● **What the task asks**:
Transcribe, word for word, every line from the one containing "Papper pappra med" through the final line of the records, and omit the pictures.

++++++++++

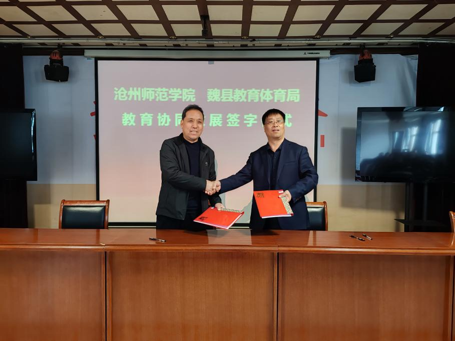 范小振介绍了我校办学历史和近年来的发展成就,并表示对今后的合作交流充满期待。魏县教育局局长赵志国对我校一行的到来表示欢迎,他介绍了魏县中学教育的师资现状和对未来合作的迫切性。双方就实习内容、形式、合作领域、实习对象等内容达成高度一致,并现场签定教育实习协议。
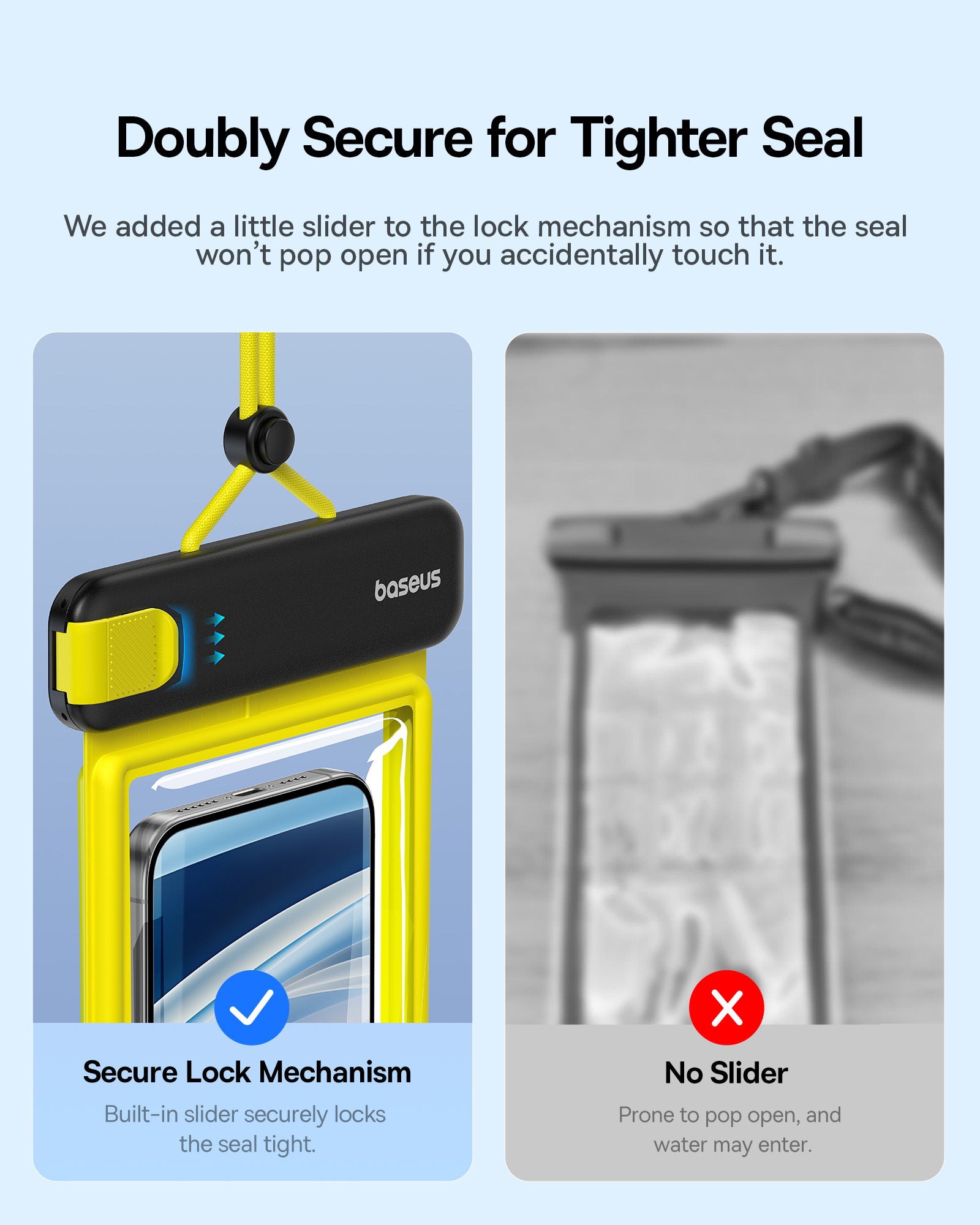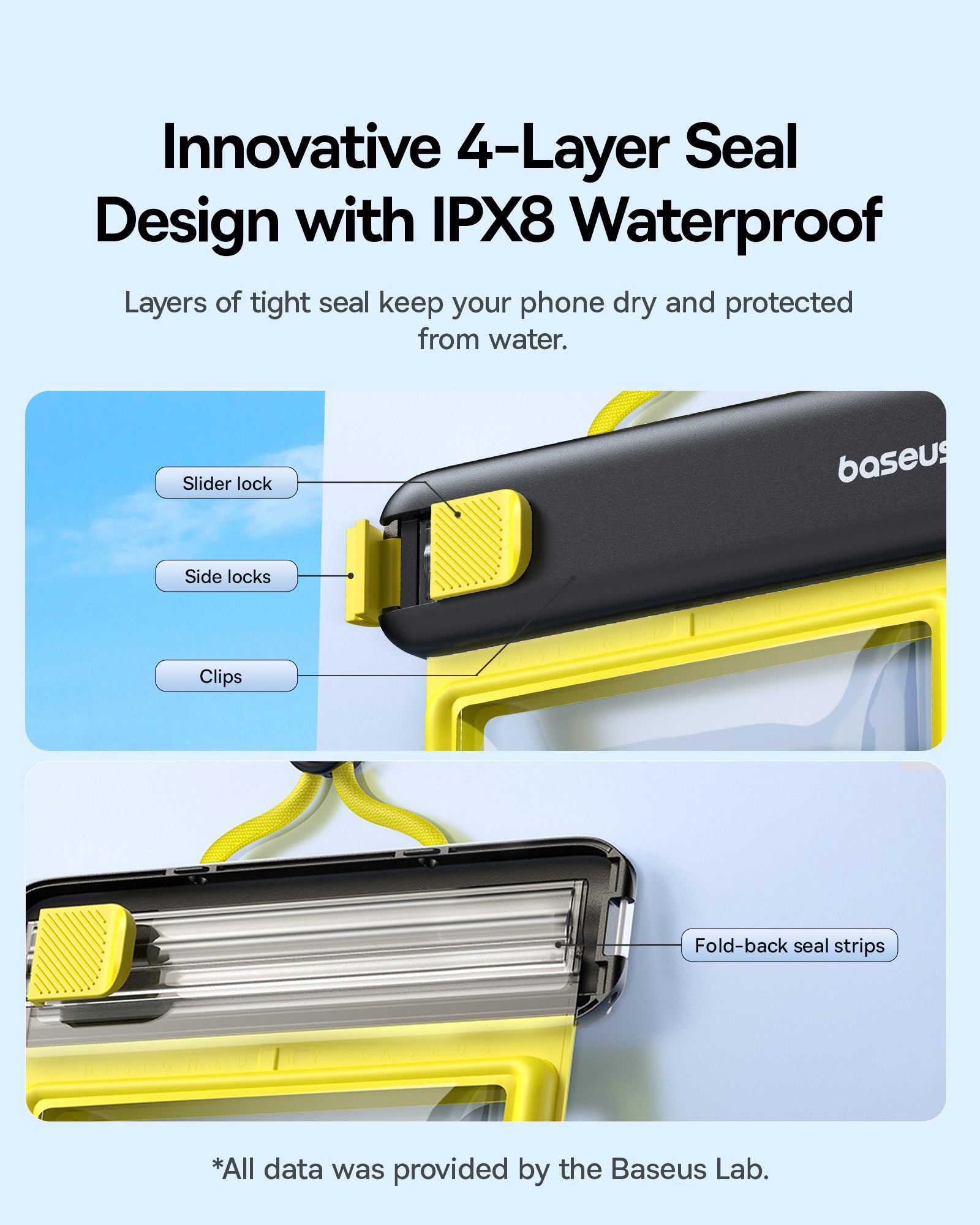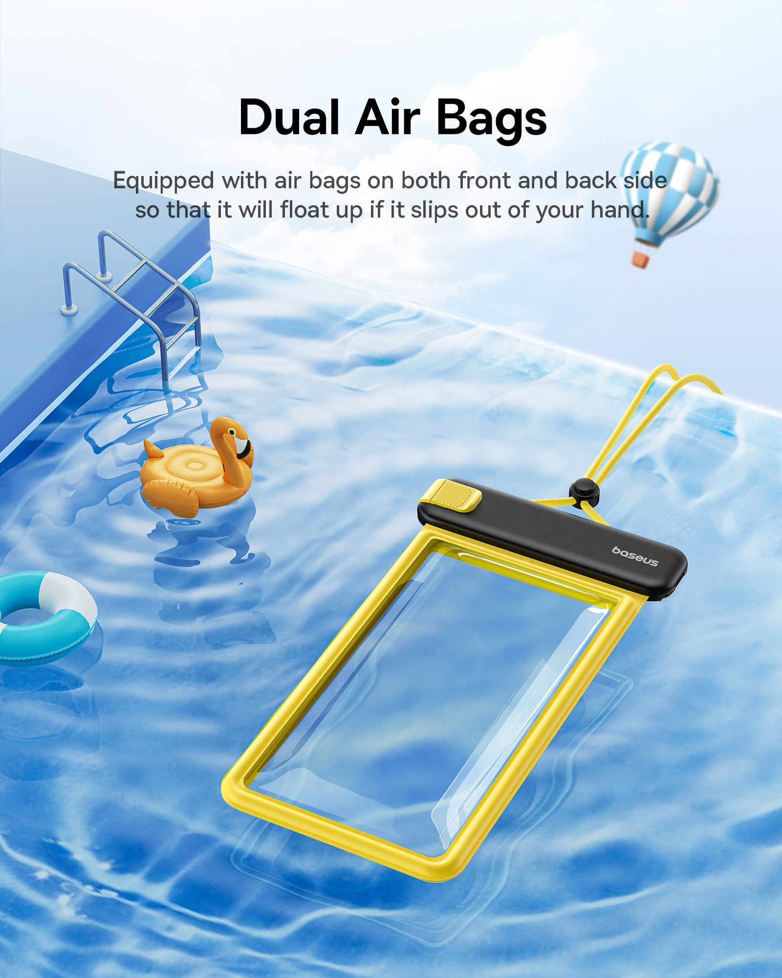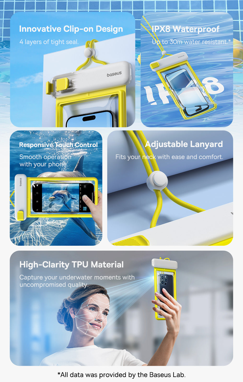 Voděodolné pouzdro Baseus DeepDive poskytuje spolehlivou ochranu pro smartphone při vodních sportech iv náročných podmínkách. Nabízí plnou ochranu proti vodě a pádům a umožňuje používat telefon bez vyjmutí z pouzdra, takže můžete pořizovat atmosférické fotografie i pod vodou. Pouzdro má zavírací mechanismus s jezdcem a čtyřvrstvé těsnění pro úroveň IPX8. Proti pádu slouží vzduchové polštářky na přední i zadní straně a součástí je šňůrka z materiálů šetrných k pokožce. TPU materiál zajišťuje zachování citlivosti dotykové obrazovky a neovlivňuje kvalitu fotografií, takže ovládání telefonu zůstává jisté i při ponoření.
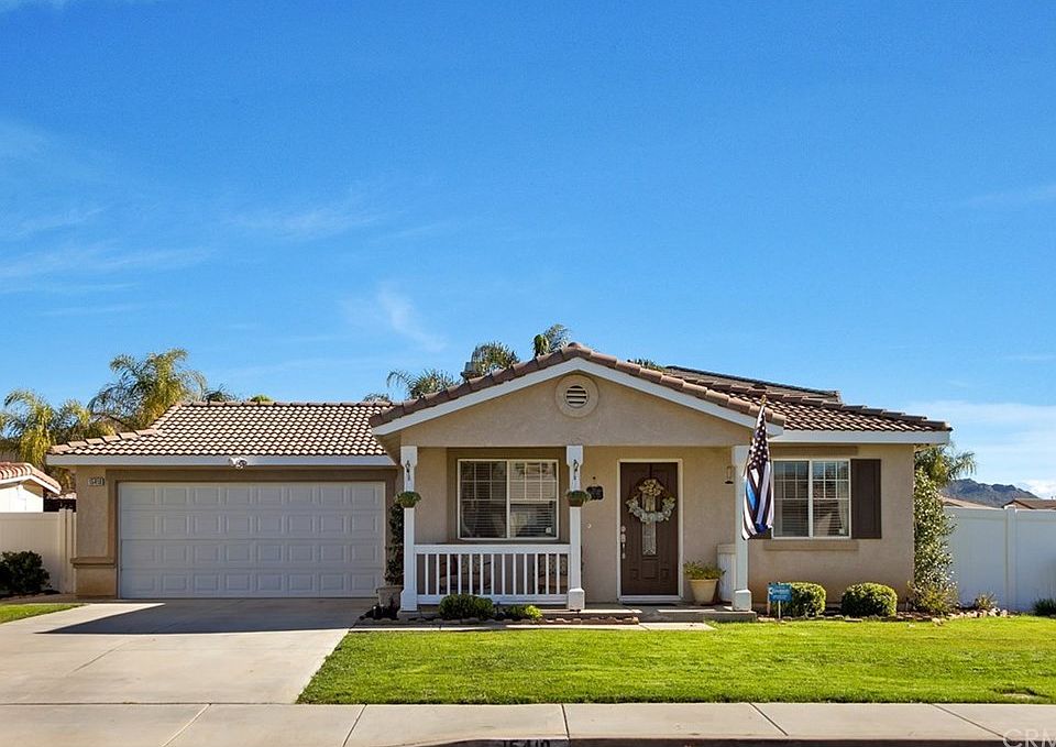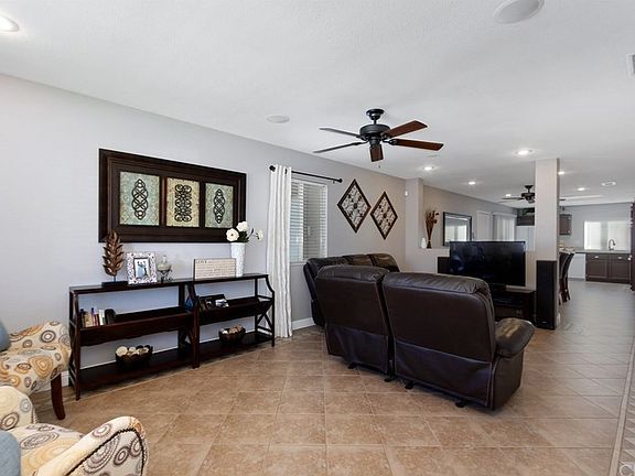 Absolutely gorgeous home! This great home features brand new granite kitchen counter tops, stainless steel sink, goose neck faucet and freshly refinished kitchen cabinets. The entire home has solid surface flooring including designer style tile throughout the main living area and master bedroom and laminate flooring in the secondary bedrooms. Many more upgrades include newer ceiling fans, newer can lighting, newer master bathroom lighting, surround sound in the family room, newer tall baseboards and that's just the inside! The back yard is an entertainers dream with new vinyl fencing, build in BBQ island with electrical, matching water feature, post lighting, dog run and storage shed. Location is ideal on this corner lot right across the street from the community park.
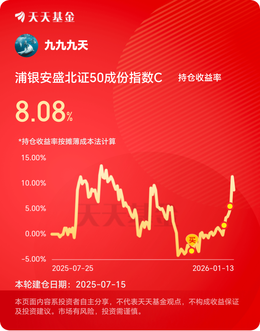 $浦银安盛北证50成份指数C$紧密跟踪指数,今日显著超额北证50,额度充足不限购
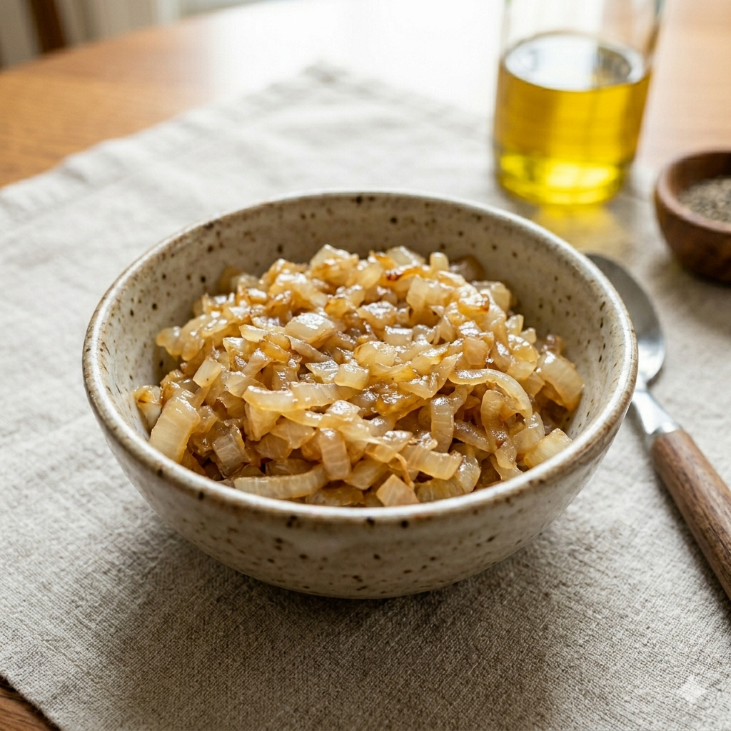 양파는 잘게 다진 후 팬에 식용유를 두르고 중약불에서 갈색빛이 돌 때까지 카라멜라이징하는 과정이 필수적입니다.
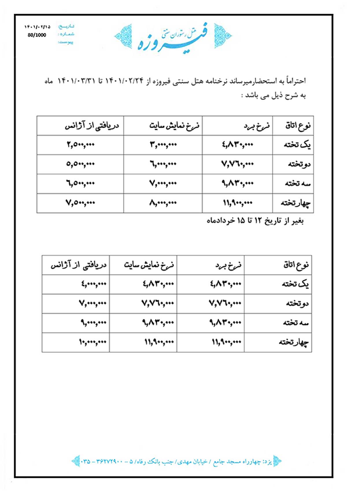 هتل سنتی 3 ستاره فيروزه يكی از يادگار های معماری نياكانمان است كه در بافت تاريخی يزد و در نزديكی مسجد جامع ، مجموعه اميرچخماق و بازارهای سنتی يزد به مدد عشق و هنر بازسازی شده و اكنون با نمايی زيبا و حياط هايی چشم نواز اقامتی رويايی را به مهمانان خود هديه می نمايد.
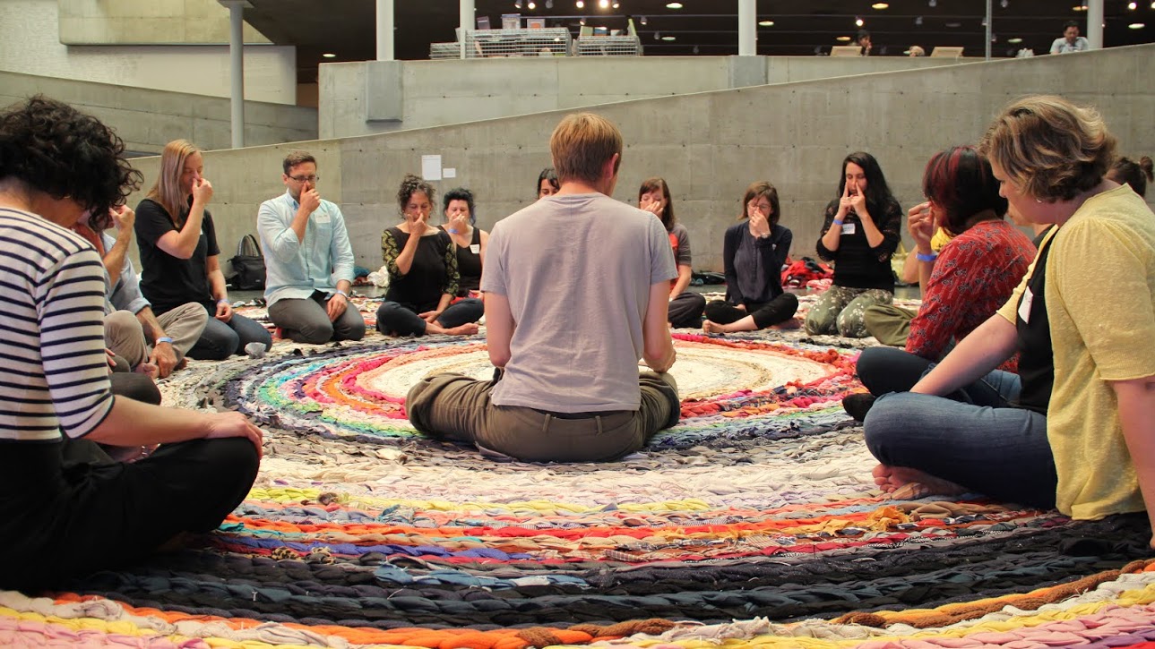 Christian Nagler. Yoga for Adjuncts, 2014. Workshop at Valuing Labor in the Arts: A Practicum. Courtesy of Arts Research Center, UC Berkeley. Photo by Joanna Fuller.
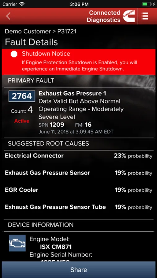 Connected Diagnostics™ uses the power of Cummins to analyze the fault code data, prioritizing all active and recently inactive faults to provide a high level of confidence that the recommendation to stop immediately or service immediately is the right one. Suggesting probable root cause of the fault to the component level, Connected Diagnostics™ facilitates the repair and minimizes downtime.
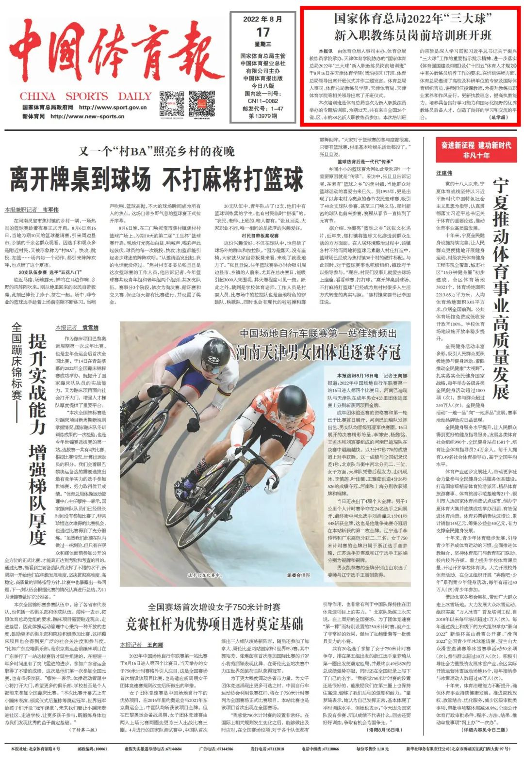 2022年8月17日,《中国体育报》头版报道国家体育总局2022年“三大球”新入职教练员岗前培训班在我校开班。现全文转载。
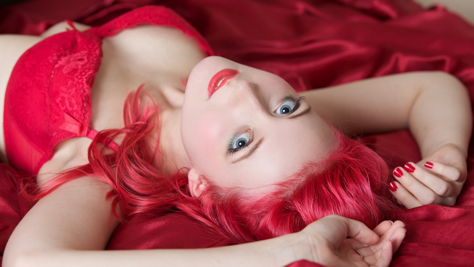 Pink Haired Teen Girl on the Bed - 2560x1440
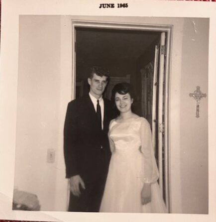 When Mary answered the knock at the door, she remembered seeing the pointiest pair of shoes she ever saw on a guy! They belonged to Dean, Denny’s friend, and Denny was right behind him. Mary doesn’t remember how long they had to entertain the guys, but it was finally time to leave to pick up Katie. As the group piled into the car with the guys in the front and the girls in the back, Mary remembers saying “hey you” to get the driver’s (Denny’s) attention to give directions. She couldn’t remember his name right then. Denny liked to continue to bring that up after they knew each other better!
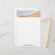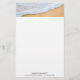Papper pappra med ett foto av en guldbrun sandstrand med vit skummande surfa.
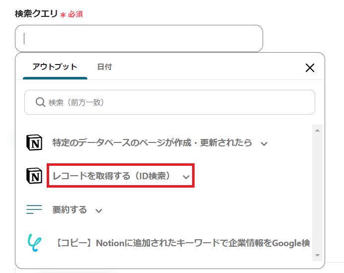 Notionのアイコンの「レコードを取得する(ID検索)」を選択してください。
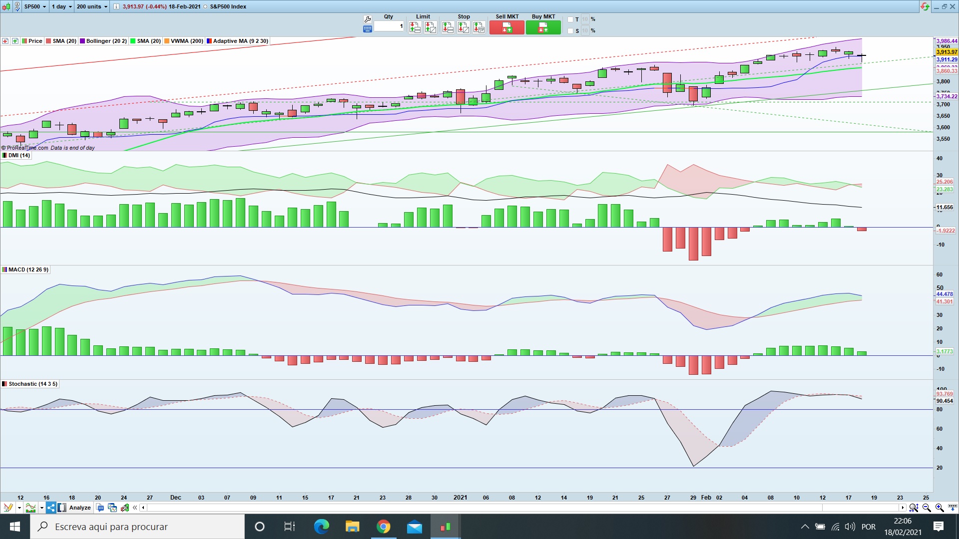 Os índices americanos continuam inequivocamente bullish, para mim, ficaria mais descansado se o índice lateralizasse uns tempos, mas as bolhas não trabalham assim..

++++++++++

● **Solution for this problem**:
Papper pappra med ett foto av en guldbrun sandstrand med vit skummande surfa.
 Notionのアイコンの「レコードを取得する(ID検索)」を選択してください。
 Os índices americanos continuam inequivocamente bullish, para mim, ficaria mais descansado se o índice lateralizasse uns tempos, mas as bolhas não trabalham assim..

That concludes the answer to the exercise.